Supplied information below:
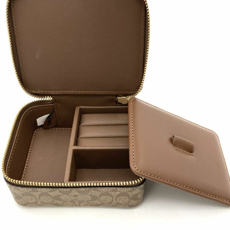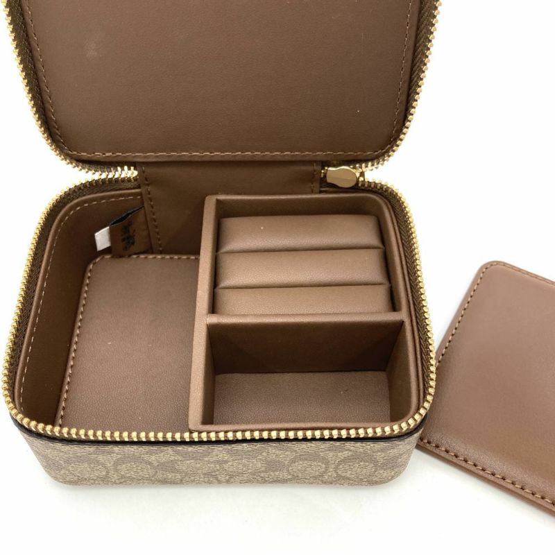 5. コーチ COACH シグネチャー ジュエリーケース アクセサリーポーチ PVCコーティングキャンバス CF825【中古】
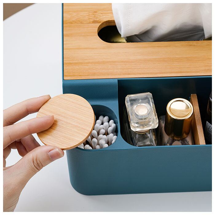 ・ティッシュケース部分には、ソフトタイプのティッシュをたっぷり詰め替えてストックできるので、リビングにはもちろん、サニタリースペース用の小物入れにも最適。(※ティッシュのサイズによっては入らない場合もあります。紙箱タイプのティッシュではなく、ソフトケースタイプのティッシュを詰め替えてご使用ください。)
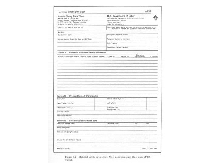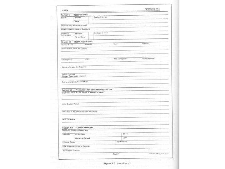 Data Useful for Health Identification (MSDS) • Threshold Limit Values (TLV) • Odor threshold for vapor • Physical state • Vapor pressure of liquid • Sensitivity to chemical or impact • Rates and heats of reaction • Hazardous by-products • Reactivity with other chemicals • LEL and UEL • Noise level of equipment • Types and degree of radiation
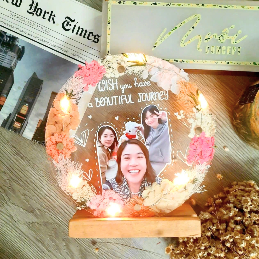 The frame is made from transparent acrylic plastic with beautiful dried flowers as the highlights. You can customize the frame with your favorite colors and messages and send it to that special someone.
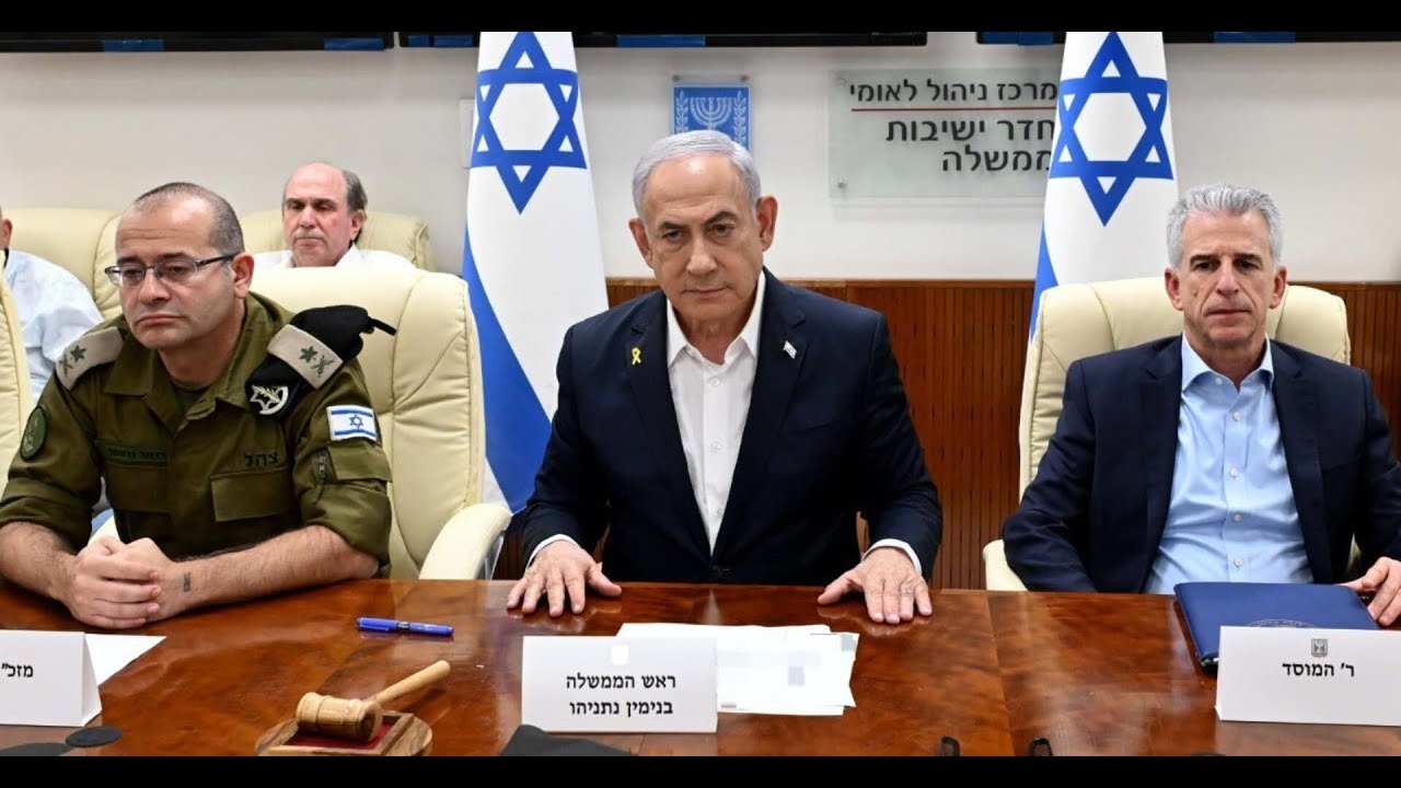 Премьер Израиля Беньямин Нетаньяху и высокопоставленные чиновники из сферы безопасности проводят заседание в подземном бункере.
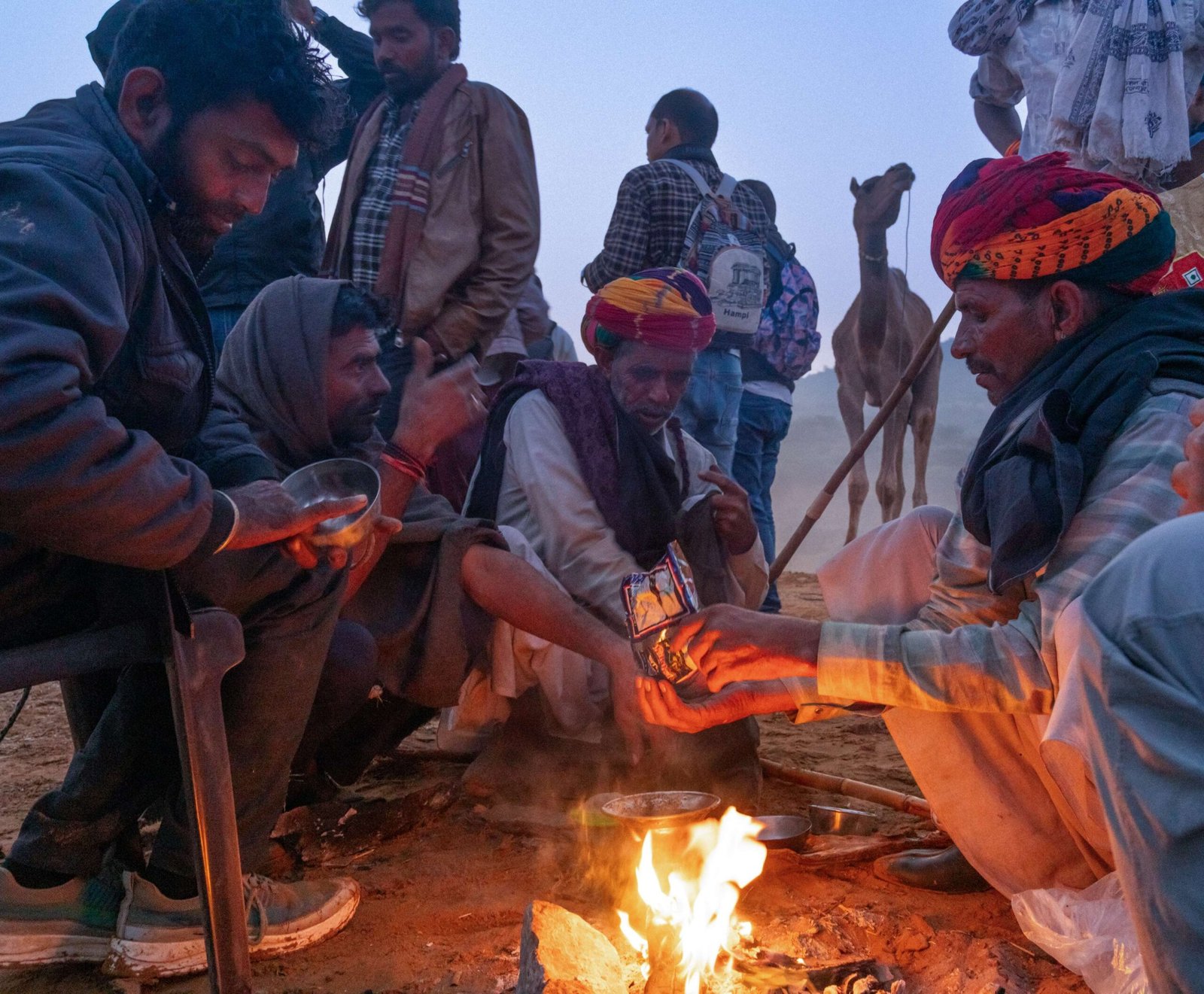 When the day began preparing its last rites, when the tide of eager buyers started to die down, the place again filled with a complacent weariness. In the vast, churning space where the camels had been tethered, silence was gaining purchase. The men, their faces etched with the dust were banking the day’s earnings. The camels and the horses were guided away from the fair ground, their heavy, soft pads crunching across the drying earth, leaving only the smell of warm wool and trampled fodder behind. As the golden rays bled into deep terracotta and ash-rose along the western ridge, smoke began to rise at the edge of the stretched horizon. Campfires for warmth and brick stoves for food. Villagers, wrapped in chequered shawls, flocked around the fire and hunched over like moths around hanging light bulbs. I could hear the sound of metal bowls being struck and the steady, rhythmic scrape of sugar being dissolved. Ghee sizzled; a rich, intoxicating scent of deep-fried syrup soaked pancakes (Malpua) and strong, spiced tea spread, a communal signal that the work was over and the ritual of dinner had begun. Sitting on a rock, feeling the baked winds of fire and sipping on hot tea, I looked up. The vast emptiness over my head had changed into a deep blue gown with a tinge of retreating inky velvet. Thousands of pinpricks like hanging chandeliers scattered across the sky. I felt, in a similar night like this, hundreds of years ago, nomads and villagers and so many people might have traversed this empty desert land with nothing but the curse of freedom and a map of star-studded sky.
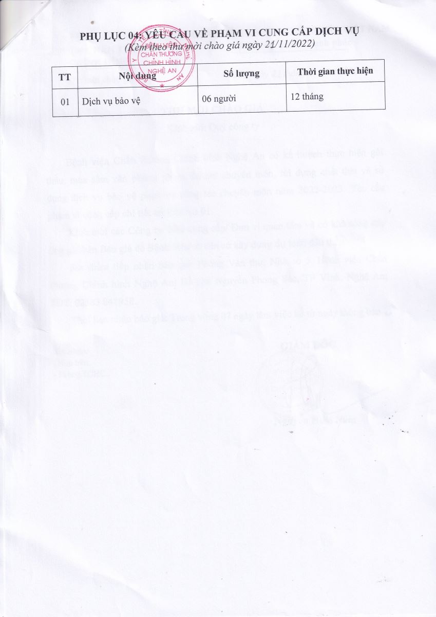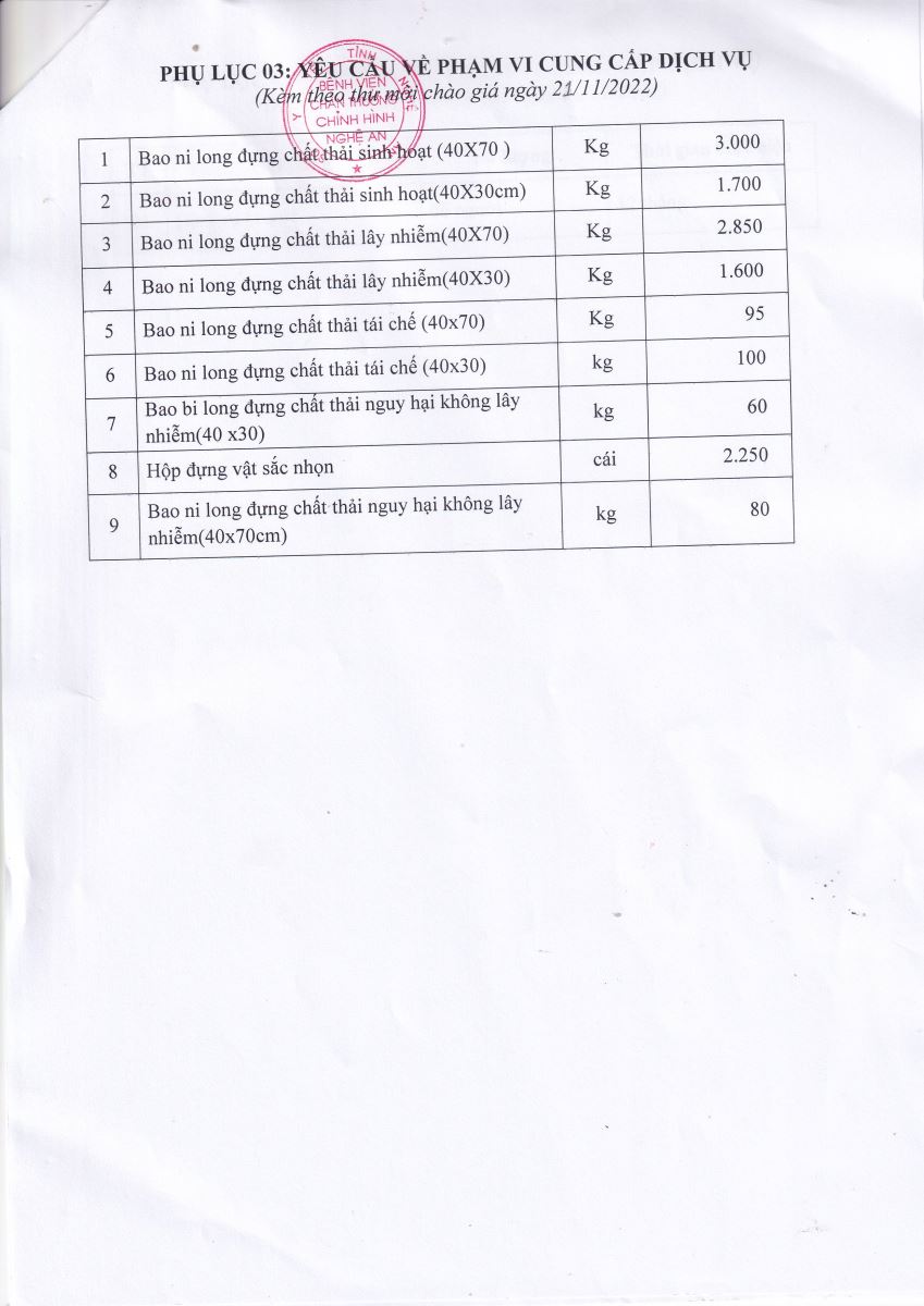 Thư mời chào giá cung cấp VPP, ấn chỉ, túi đựng chất thải và DV bảo vệ
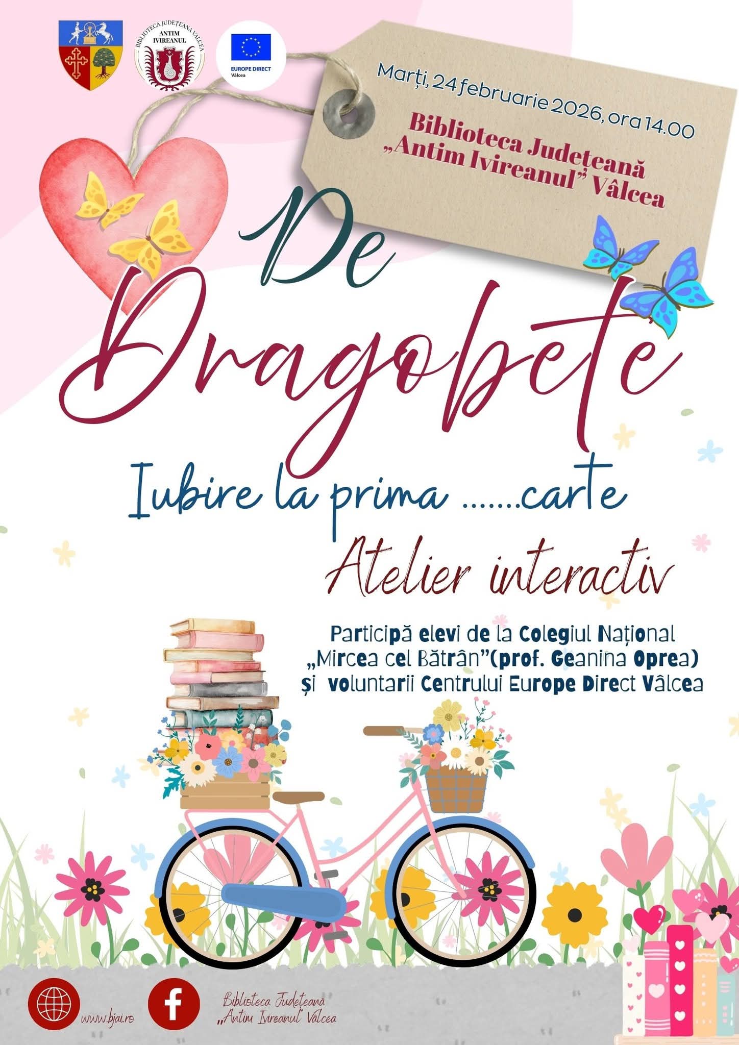 Pe 24 februarie 2026, de Dragobete, iubirea nu se măsoară în declarații siropoase, ci în pagini întoarse cu emoție. La ora 14.00, la Biblioteca Județeană „Antim Ivireanul” Vâlcea, cititorii sunt invitați la un atelier interactiv cu un titlu care spune tot: „De Dragobete – Iubire la prima… carte”.
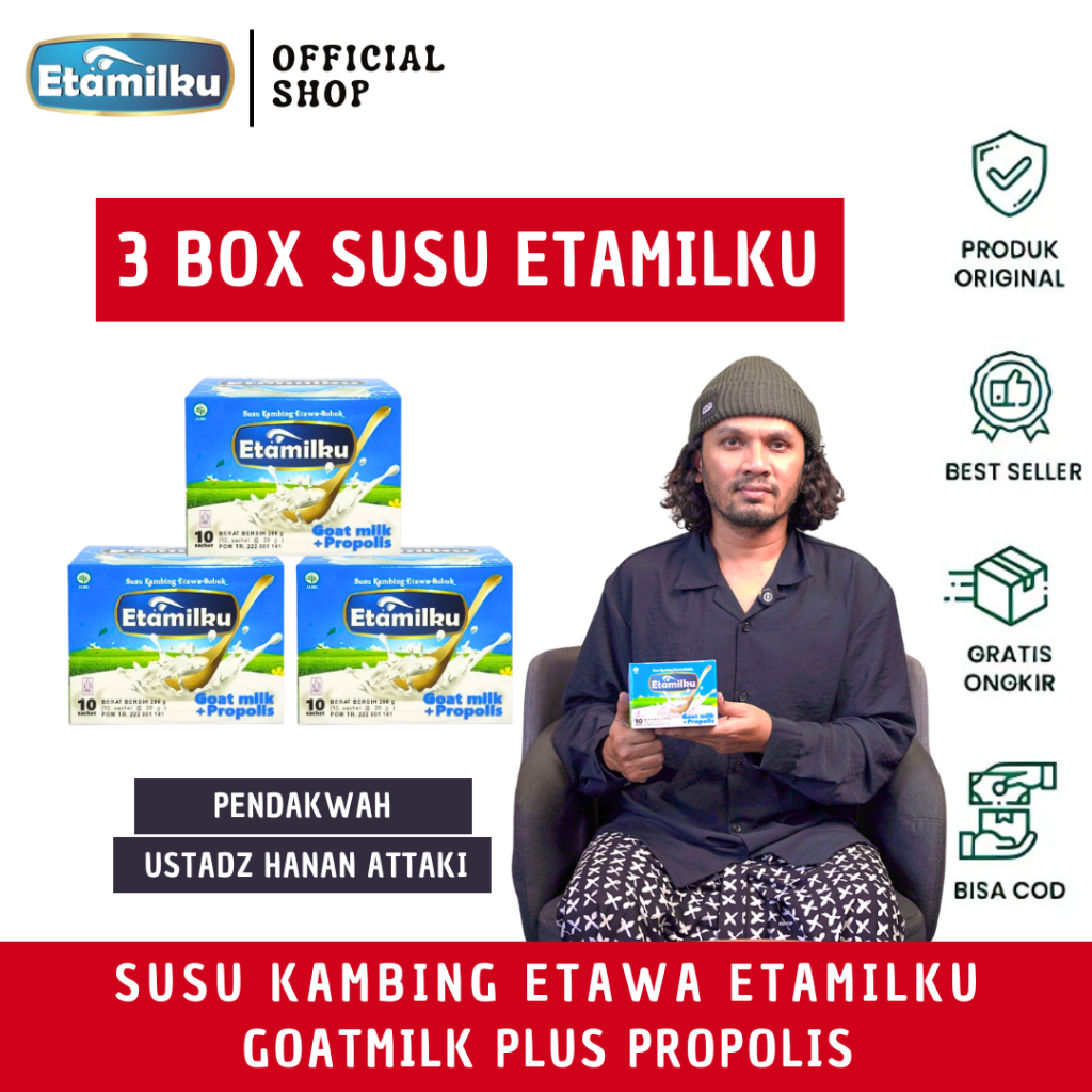 ETAMILKU - 3 BOX Susu Kambing Etawa Bubuk Plus Propolis - Atasi Masalah Pernafasan dan Nyeri Sendi
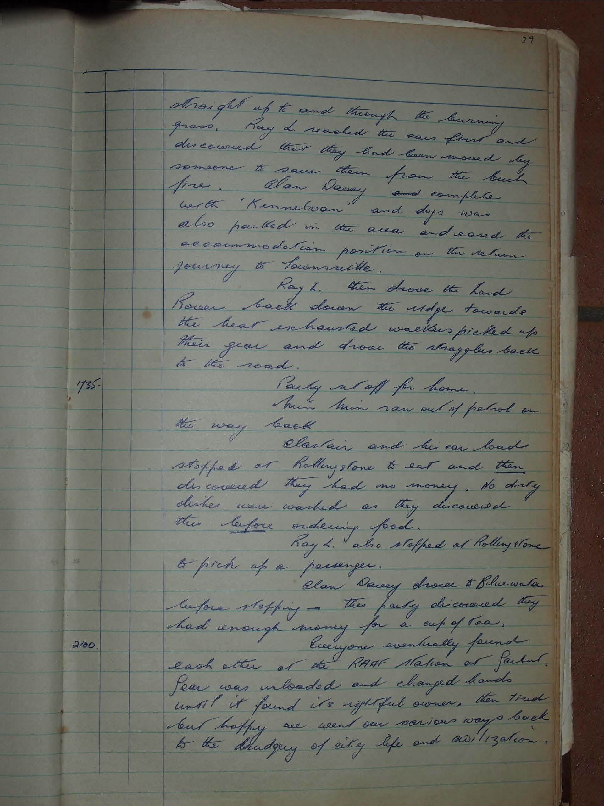 The party set off for home to the sound of crackling flames from Puzzle Creek. The day was now extremely hot. After climbing the steep hills onto the ridge we met the bush fire. No snakes and only one wallaby were seen. The fire was not a large one and we walked straight up to and through the burning grass. Ray L reached the cars first and discovered that they had been moved by someone to save them from the bush fire. Alan Davey and complete with 'Kennelvan' and dogs was also parked in the area and joined the accommodation position on the return journey to Townsville.
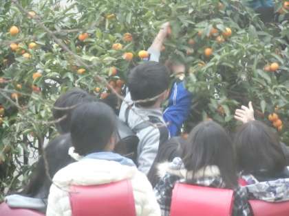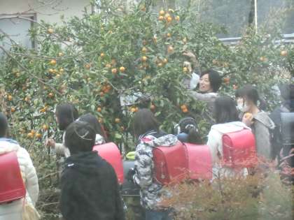 小学校生活で最後のミカン狩りです。甘いミカンを持ち帰ることができたのでしょうか。
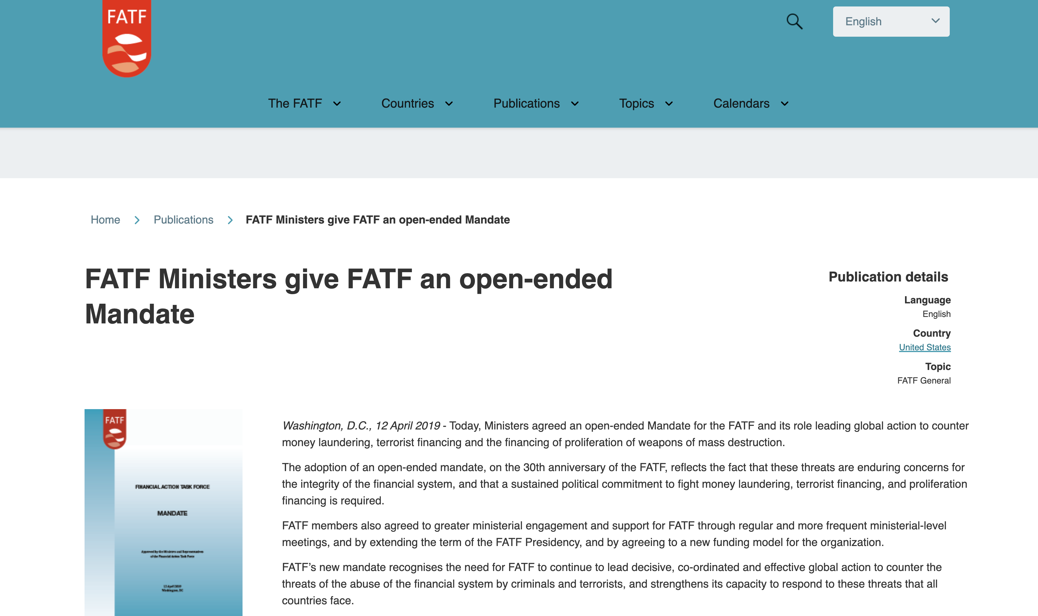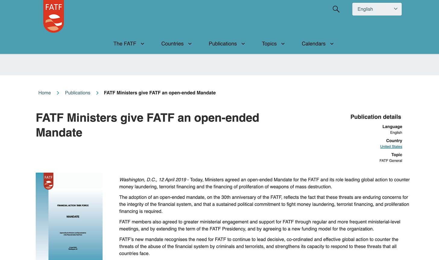 FATF was created by G7 announcement, not by treaty1. It has expanded its mandate repeatedly — from drug money to terrorist financing to weapons proliferation to environmental crime — without returning to any legislature for approval.
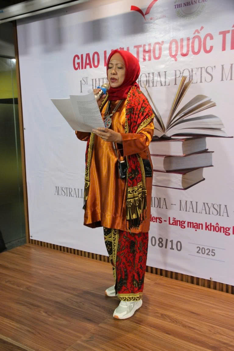 Buổi giao lưu diễn ra trong không khí trang trọng và thân mật, được dẫn dắt bởi MC tài hoa, nhà thơ Đỗ Anh Vũ. Anh đã mở lời chào mừng các nhà thơ, dịch giả, học giả đến từ các quốc gia: Indonesia, Malaysia, Ấn Độ, Úc và Việt Nam, tạo nên một bức tranh đa sắc về thi ca thế giới.
End of Supplied information.
For the data above, set down exactly the lines from the line with "小学校生活で最後のミカン狩り" to the line with "FATF was created", both included, leaving pictures out.

 小学校生活で最後のミカン狩りです。甘いミカンを持ち帰ることができたのでしょうか。
 FATF was created by G7 announcement, not by treaty1. It has expanded its mandate repeatedly — from drug money to terrorist financing to weapons proliferation to environmental crime — without returning to any legislature for approval.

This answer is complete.